- Pitcher
- Born: February 19, 1929 Redkey, Indiana, U.S.
- Died: August 28, 2005 (aged 76) Hicksville, Ohio, U.S.
- Batted: RightThrew: Right

Teams
- Chicago Colleens (1949); Racine Belles (1950); Battle Creek Belles (1951); Peoria Redwings (1951);

Career highlights and awards
- Women in Baseball – AAGPBL Permanent Display at Baseball Hall of Fame and Museum (1988);

= Beverly Hatzell =

American baseball player

Beverly Hatzell (later Volkert; February 19, 1929 – August 28, 2005) was an American pitcher for the All-American Girls Professional Baseball League between 1949 and 1951. She both batted and threw right-handed.
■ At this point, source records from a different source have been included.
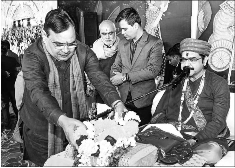
मुख्यमंत्री भजनलाल शर्मा ने सोमवार को विद्याधर नगर में सपत्नीक सुप्रसिद्ध कथा वाचक मृदुल कृष्ण महाराज की भागवत कथा का श्रवण किया।

जयपुर। गिराज संघ परिवार विश्वकर्मा जयपुर के 26 वें वार्षिकोत्सव पर एक विद्याधर नगर सेक्टर-7 स्थित अग्रसेन हॉस्पिटल के पीछे स्थित प्रांगण में चल रही 108 विशाल श्रमद भागत ज्ञानयज्ञ के छठवें दिन सोमवार को व्यासपीठ से आचार्य गोस्वामी मृदुल कृष्ण महाराज ने कहा कि प्रभु श्री कृष्ण की मथुरा लीला जीव के हृदयान्तरकार को नष्ट कर ज्ञान का विकास करती है यानि यह कहा जाए कि मथुरा लीला ज्ञान का संवर्धन करती है।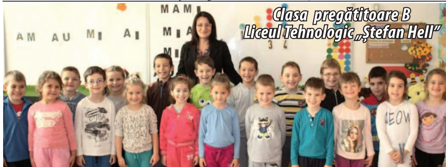
Clasa pregătitoare B Liceul Tehnologic „Ștefan Hell”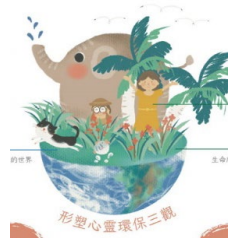
▲《圖解心靈環保》插圖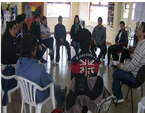
Encuentro 2 "Frases Incompletas" y "Mitos"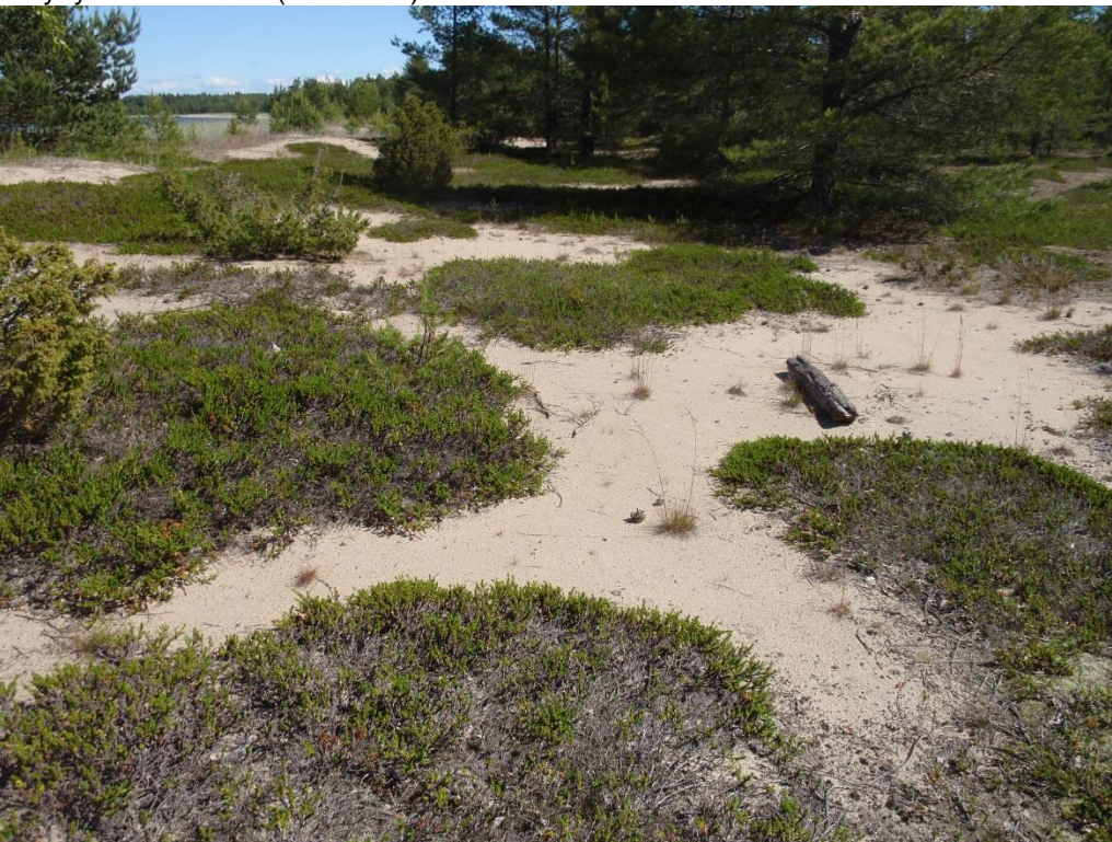
Kuva 2.8. Dyynisukkulakoin, korukaitakoin ja dyynisammalkoin elinympäristöä itäisellä avohiekkaisella dyynilaikulla (kohde U2)

Born in Redkey, Indiana, Beverly was the second of five children born to Gerald and Velma Hatzell. She played for four teams of the All-American Girls Professional Baseball League: the Battle Creek Belles, the Chicago Colleens, Peoria Redwings and the Racine Belles.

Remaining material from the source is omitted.